Zen Quotes and the Art of GitHub Actions

Amit Mukherjee
4 min readMay 22, 2021
Photo by Denis Oliveira on Unsplash

Weird title, right. Yeah, I thought the same as I was writing this but I feel that it identifies with my current thought process and so I went with it. I have been a spiritual seeker for the last few years of my life and I also passionately love technology, especially all things Cloud and Code.

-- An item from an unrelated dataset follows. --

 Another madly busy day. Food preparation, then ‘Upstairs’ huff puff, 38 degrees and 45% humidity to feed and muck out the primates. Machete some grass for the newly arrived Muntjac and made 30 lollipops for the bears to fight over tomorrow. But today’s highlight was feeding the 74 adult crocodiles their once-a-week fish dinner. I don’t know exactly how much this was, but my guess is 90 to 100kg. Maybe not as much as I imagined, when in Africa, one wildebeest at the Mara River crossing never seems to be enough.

Due to the pandemic over the past year and half or so (though it feels a lot longer) we have all be cloistered in our homes stuck in a mental echo chamber which can tend to accentuate both of our positives and negatives. And starting the week every Monday and going into the weekend every Friday filled me with a sense of dread. I felt that this was because of the change it represented from a predictable routine which my mind had just adapted to. I was thus looking for inspiration and stumbled upon this really cool quotation site https://zenquotes.io/ . I wanted to leverage their quotes to inspire me at the beginning and end of the week so as to be able to look forward to them instead. At about the same time thanks to a good friend, I got introduced to this cool CI/CD tech. called GitHub Actions and it blew me away.

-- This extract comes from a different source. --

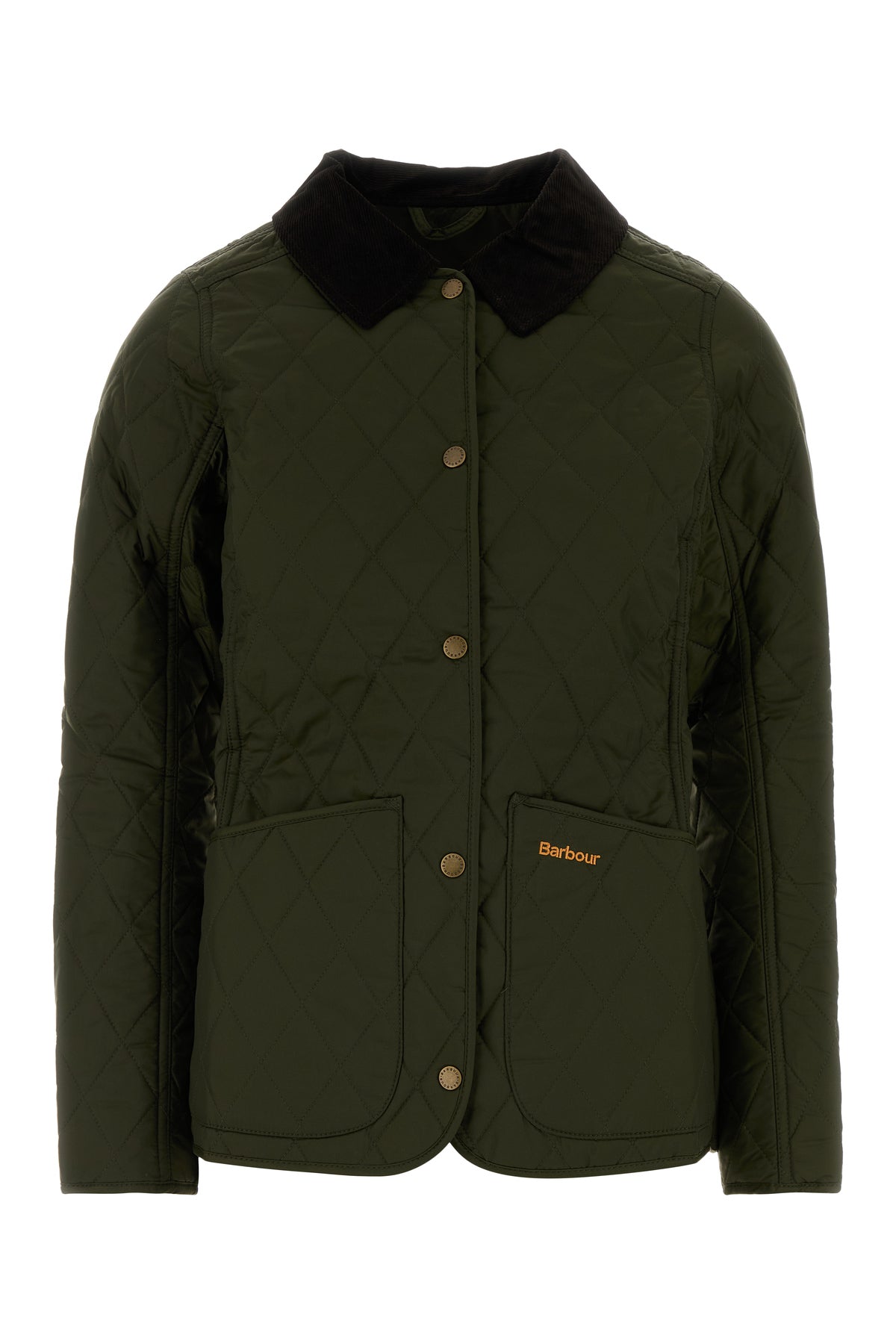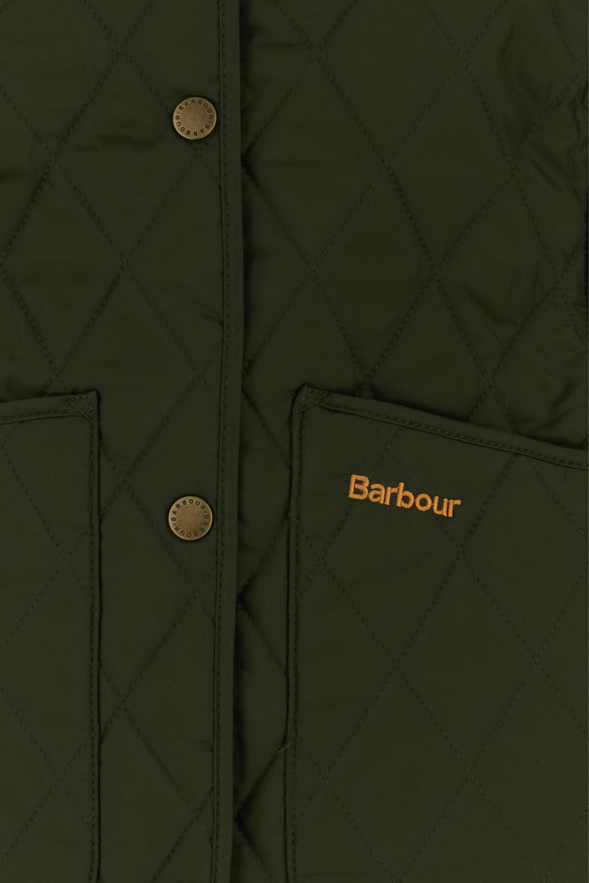 Slightly padded jacket realized in quilted nylon characterized by contrasting embroidered logo at the front.

Photo by Roman Synkevych on Unsplash

GitHub Actions is a workflow automation which lets us build, package and deploy our apps right from within our code repository. As developers, we are extremely familiar with coding toolchains but we (at least I) tend to get sweaty when it comes to their deployment. We have long been hearing of these things called Jenkins, Chef, Puppet etc. etc., you know things we would ideally not want to know but which magically deploy our code to the places where they are supposed to run. With GitHub Actions, we can make our lives really simple by deploying them using simple YML. So, I decided I would develop a simple script in NodeJS that would send me an inspiring quote automatically using my new best CI/CD friend. So, lets get on with it, shall we!

Ok, first things first. We start with creating the Slack Channel on which we would be sending the Notifications to. Once the Slack channel is created, this link here describes how to create an Incoming Webhook which is a fancy word for a URL where we could send our notifications to. You can even test this by sending a simple Post request as shown below.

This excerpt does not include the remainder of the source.